The lost tribe of our time

In 1948 when David Ben Gurion proclaimed the establishment of the State of Israel, the Jewish population in Israel was about 713,000. The Jewish population in the US was 5,000,000 and 1,500,000 people strong in Canada) [Jewish World Population –http://www.ajcarchives.org/ajc_data/files/1950_7_wjp.pdf].

In 2012 about 5,901,000 Jews lived in Israel while 5,425,000 lived in the US and 375,000 lived in Canada. In other words, while Israel’s Jewish population is eight times bigger than it was in 1948, the US Jewish population remained the same as it was 64 years earlier and the Canadian Jewish population lost three quarters of its size.

While Israel saw it as a matter of survival to ensure the growth of its Jewish population and encouraged Jews to immigrate to Israel, North American Jewish communities failed not only to maintain what they had and rely on the general natural population growth curve to increase their size, North American Jewish communities actually lost the battle against other religions and saw many of their children leave the Jewish faith. Was it avoidable and what should have been done differently is not important. What’s done is done. The question is what should the Jewish people (all Jewish people, not just the North American Jewry) do now to stop this trend, before history repeats itself, and just like the Northern kingdom of Israel and all its people disappeared, leaving the kingdom of the Judah to carry the Torah torch by itself, the North American Jewry (half of the Jewish people) may one day in the foreseeable future disappear too.

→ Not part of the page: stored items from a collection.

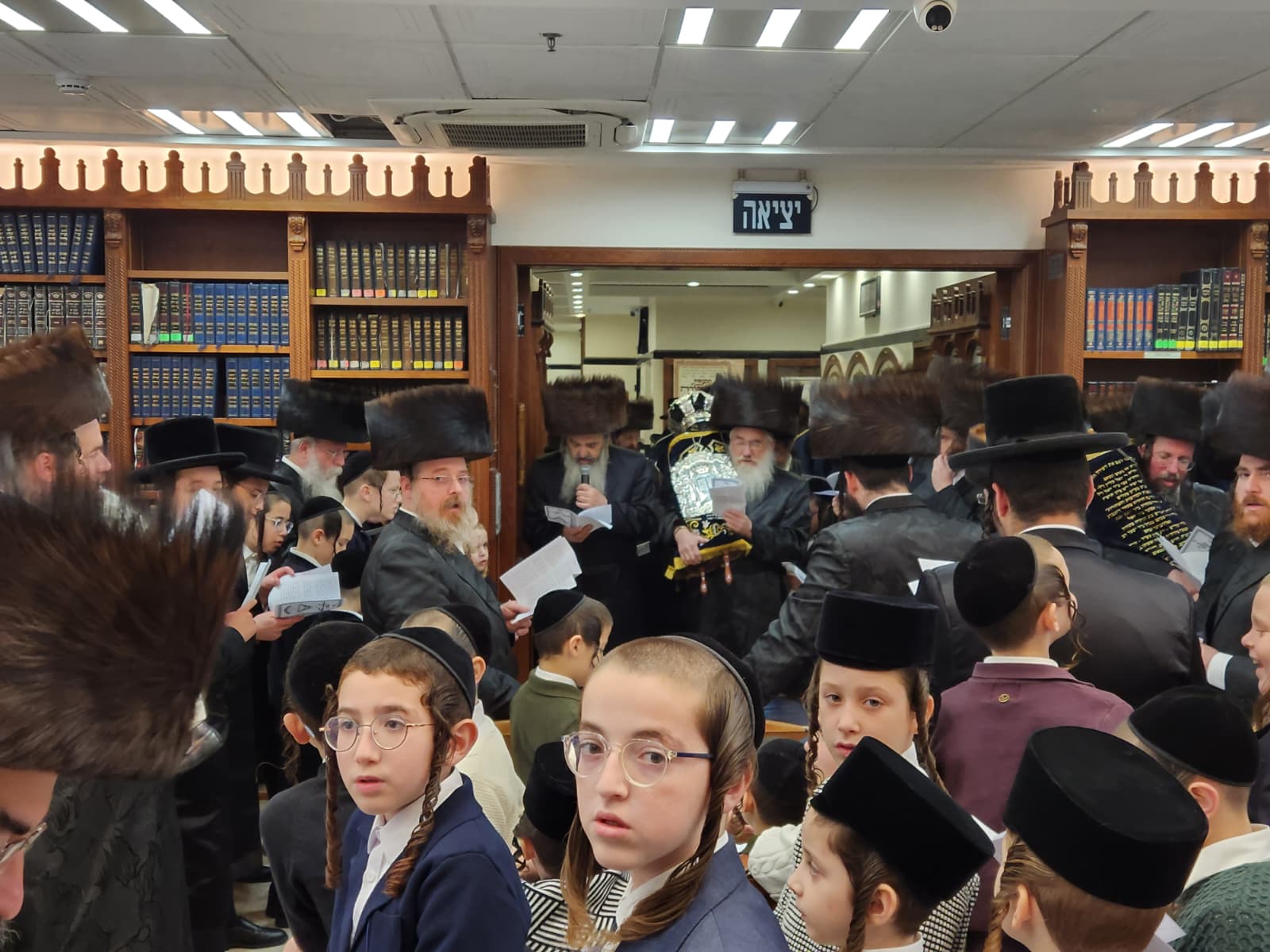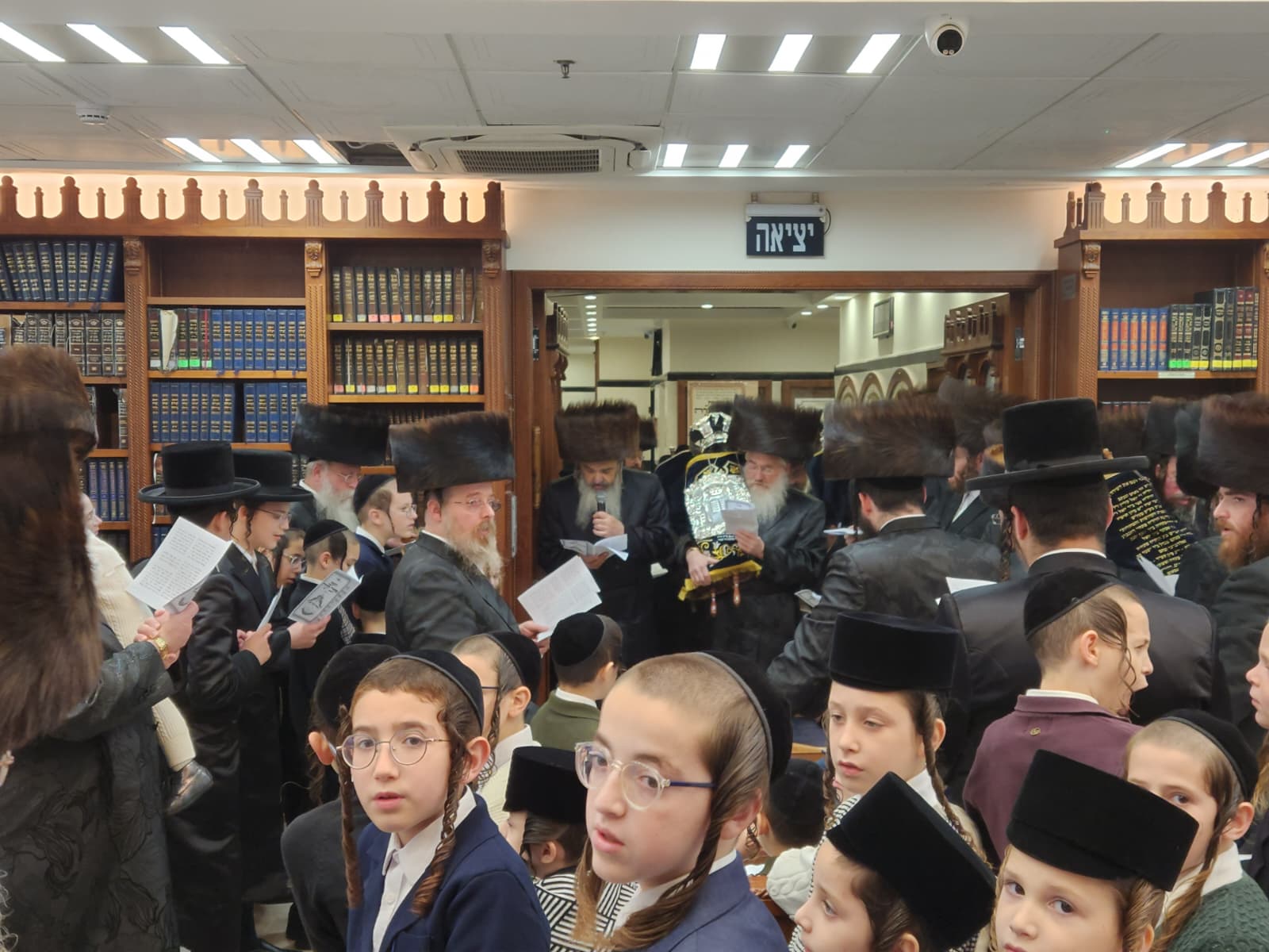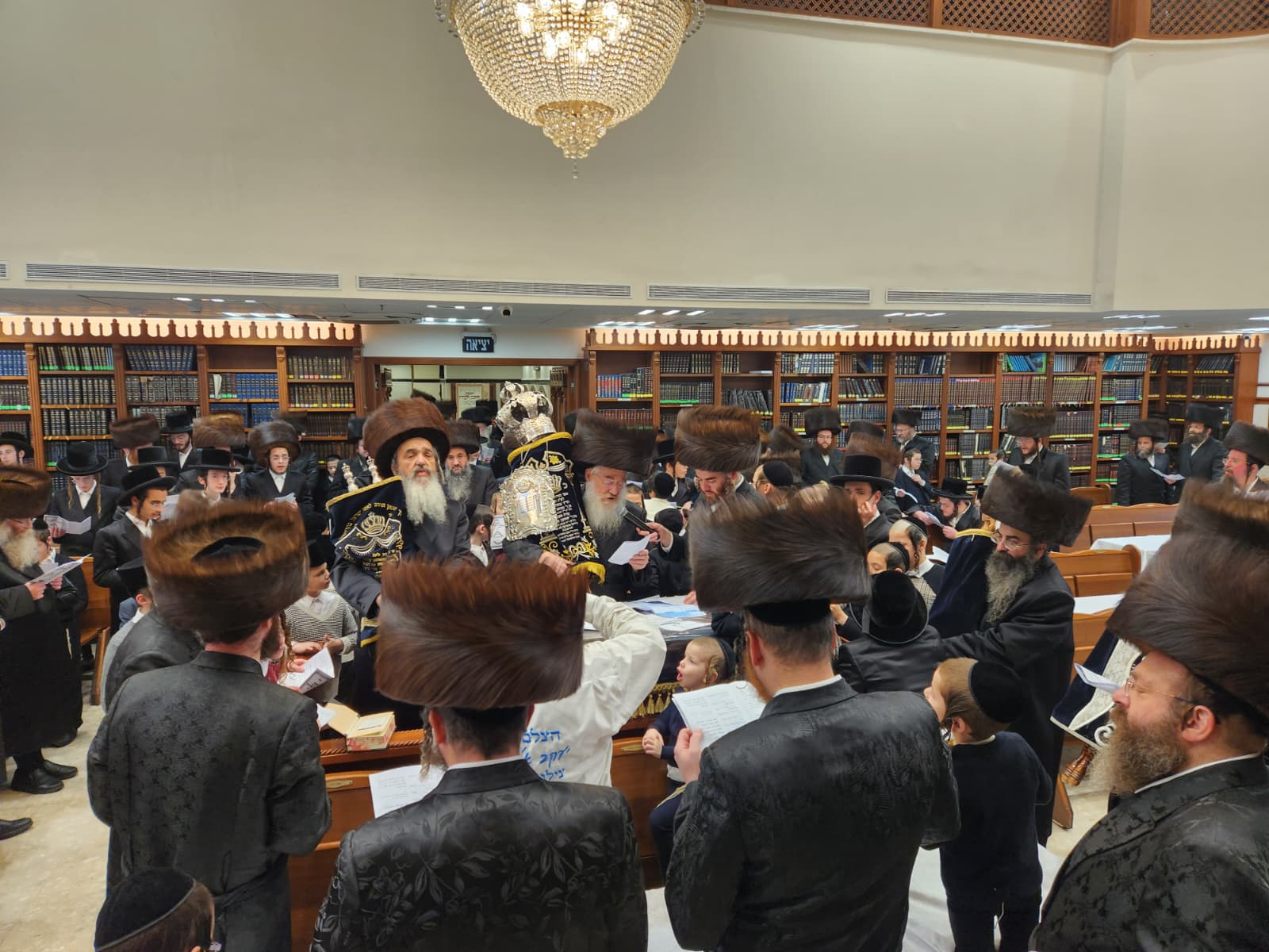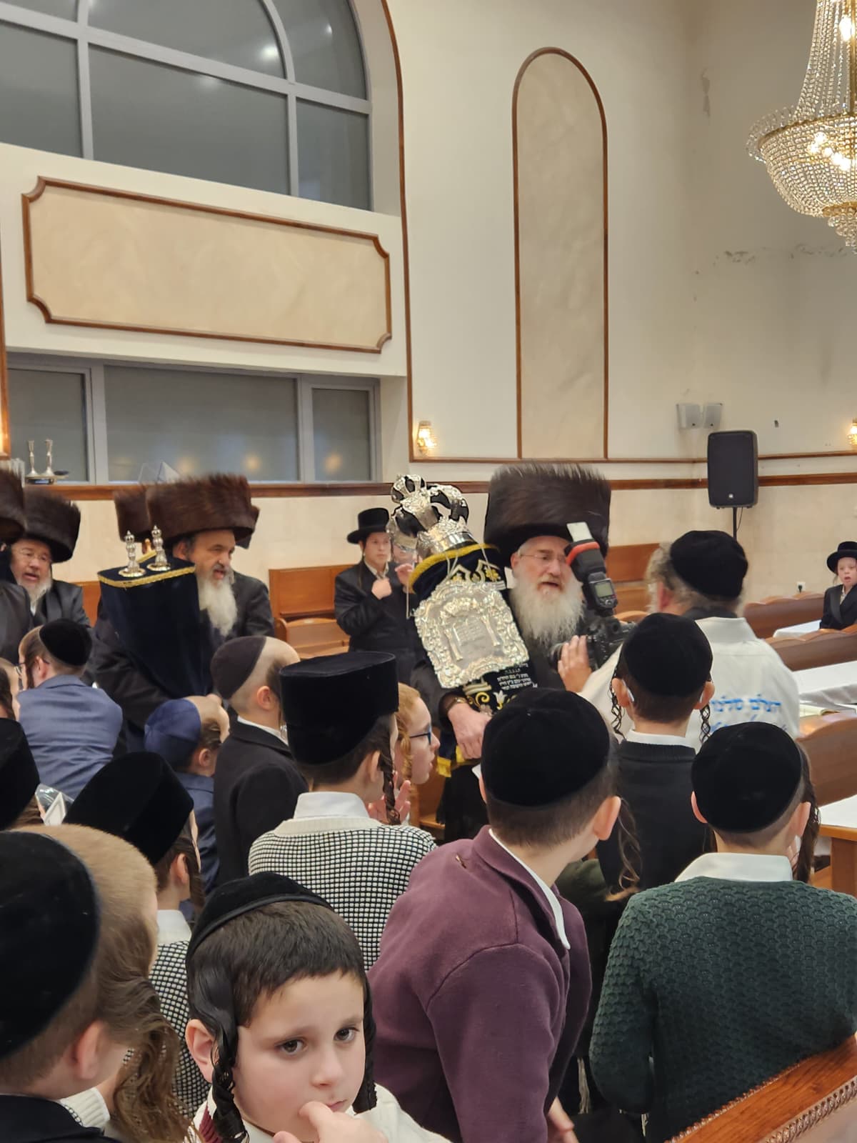 הרה"ח ר' מרדכי כץ, מחשובי חסידי בעלזא ברובע ז' החדשה באשדוד הכניס ספר תורה לבית המדרש 'בית פנחס' דחסידי בעלזא ברח' ינאי בעיר לעילוי נשמת הוריו בהשתתפות קהל המתפללים והמון חוגג לכבודה של תורה
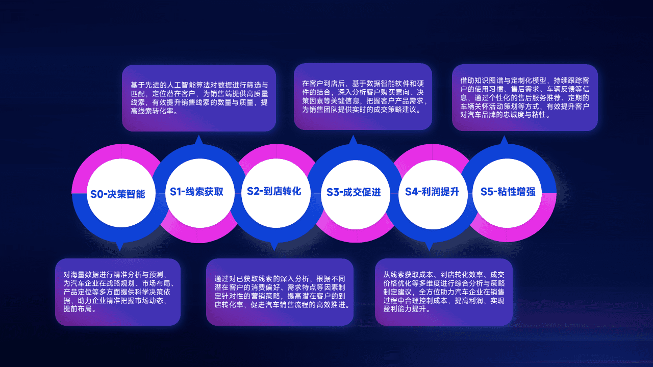 通过拓宽潜在客户来源、、优化线索分配并提高到店转化率,,,,以增强销售效率。。同时,,,,利用线索数据不断优化分析模型,,,有效提升转化率,,,,扩大营销影响力。。。。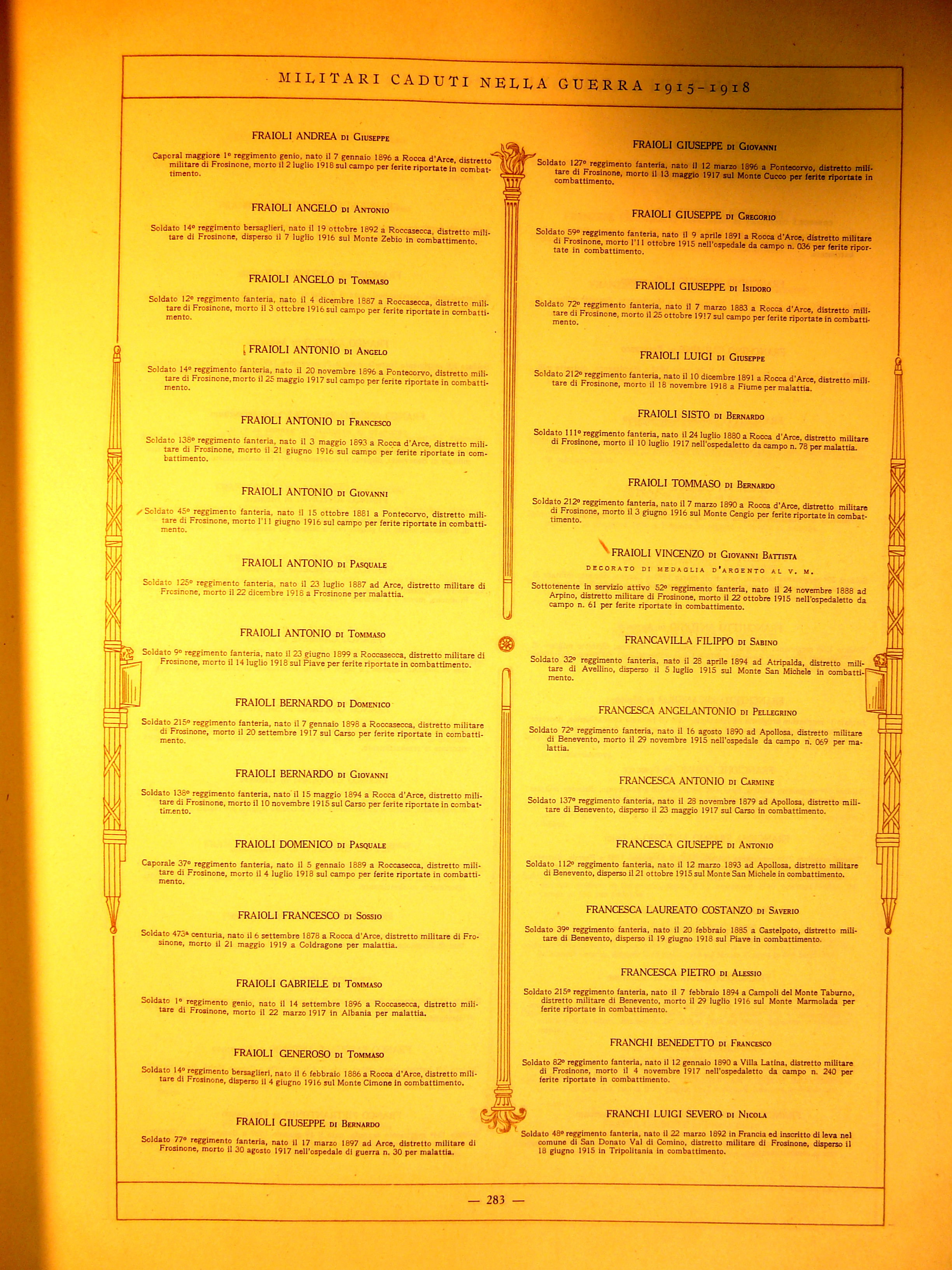 | Francesca Giuseppe di Antonio | 1893 | Apollosa | Soldato | 112 Reggimento Fanteria | 1915 | Monte San Michele | Disperso | Visualizza | |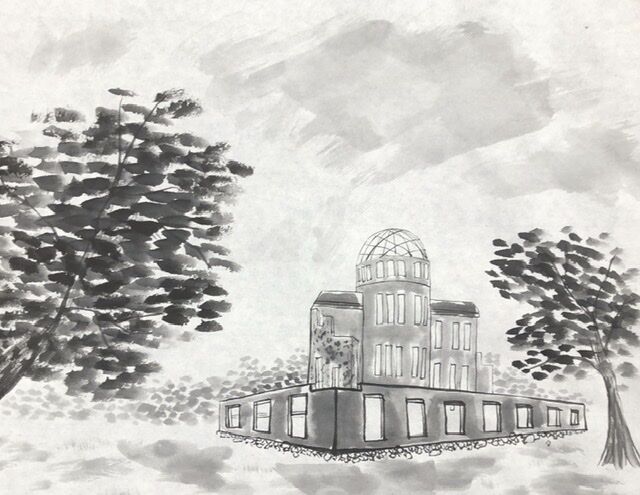 前半2時間のモチーフは、「原爆ドーム」。透視図法(パース)や、構図について簡単に学んだ後、1枚の同じ写真から各々下絵を作成し、下絵の上から墨で線描きしていきます。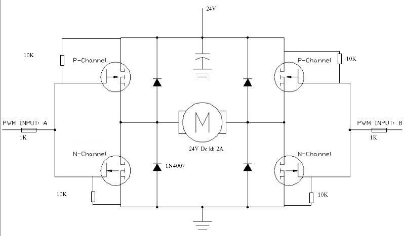 Ez az egyik oldalon +12V-ot ad ki (+24V), a másikon szaggat PWM-mel (nem fékez). Megépíthető, csak a vezérlése nem triviális, ezért kértem, hogy írj bővebben.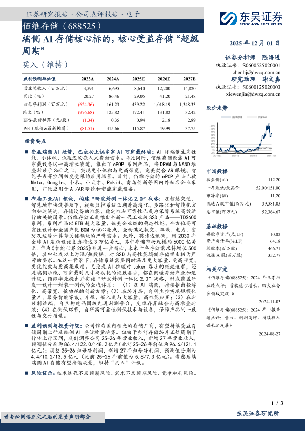 【东吴证券】【202512】端侧 AI存储核心标的,核心受益存储“超级 周期”-3页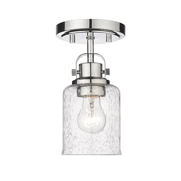 Kinsley 1 Light Flush Mount, Chrome And Clear Seeded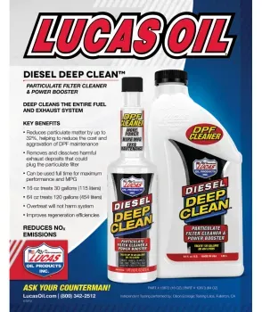 Lucas Diesel Deep Clean is a new Lucas technology developed to reduce the cost and hassle of particulate filter maintenance. It is an excellent preventative maintenance product. It causes the fuel to burn much cleaner, thus eliminating a lot of particulate matter that would otherwise go into the exhaust system causing “regens.” It also cleans out much of the matter already trapped in the filter. This eliminates exhaust backpressure allowing the engine to run easier and cooler as well as lowering the aggravation and down time associated with particulate filters.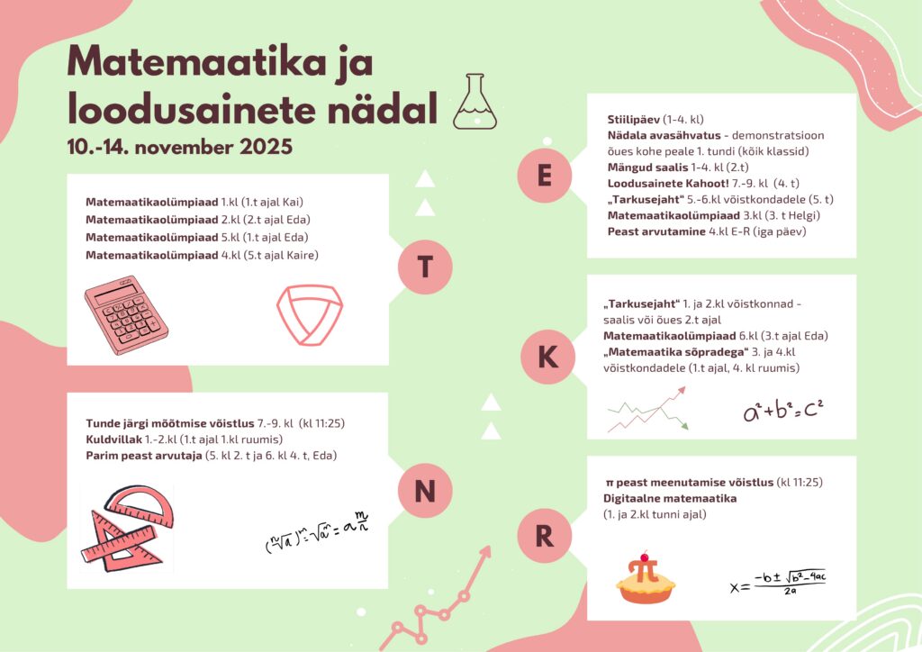 Meie koolis toimub reaalainetenädal, mille raames on stiilipäev, matemaatika olümpiaadid ja palju muudki veel.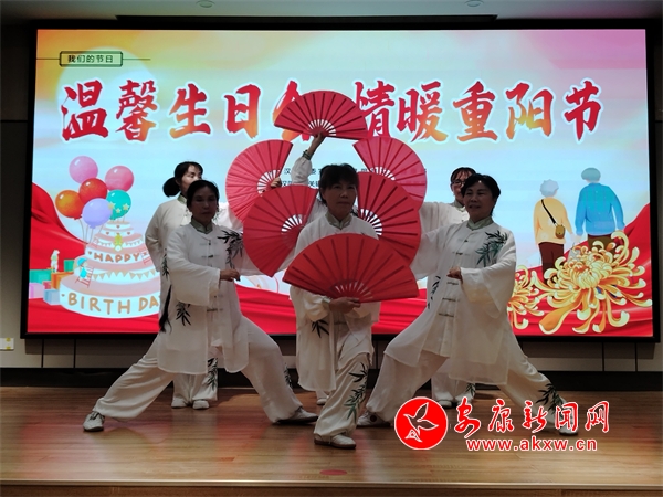演出在優(yōu)美的舞蹈《花樣功夫扇》中拉開了帷幕,先后上演了多個老年人喜聞樂見的節(jié)目,清脆悅耳的歌聲、輕松歡快的舞蹈,老人們聽得入神,看得喜悅,整個活動中,掌聲雷動,笑聲不斷。壽星們在歡快的歌聲中共同許下美好的生日愿望,社區(qū)干部為壽星們戴上生日皇冠,將精心準備的蛋糕、禮品分送到每位老人手上,甜蜜也蔓延在老人們的臉上。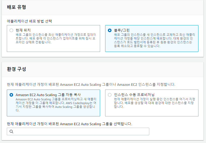 환경 구성은 Amazon EC2 Auto Scaling 그룹 자동 복사를 선택하고 미리 생성해둔 auto scaling 을 선택해준다.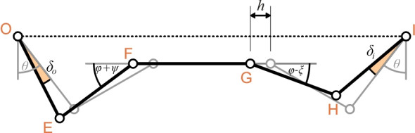 \[\begin{equation} \delta_{ip}''(0) \quad = \quad 2 \left( \frac{w}{L} \right) \end{equation}\]Appendix 2: The four-bar linkage

Many North American Jews are disorganized and lack strong leaders to rally behind. They also lack an ideology, a road map, to guide them as a nation. For some, supporting strong Israel is the uniting driver; others are active in local synagogues, but very many others are neither. Many North American Jews do not see Benjamin Netanyahu, Israel’s prime minister, as their leaders, the same way orthodox Jews do not see a conservative rabbi as their leader and vice versa.

Is there a way to stop this trend?

I hope that the uniting event won’t be another Jewish disaster, but a proactive daily activity like publishing on this website or participating in one of many other Jewish events and activities, to rejuvenate interest and the feeling of belonging among disconnected Jewish people in North America.

Herzl once said “If you will it, it is no dream”

One man with a vision and a conviction was able to create a state; there is no telling what we can achieve as a group.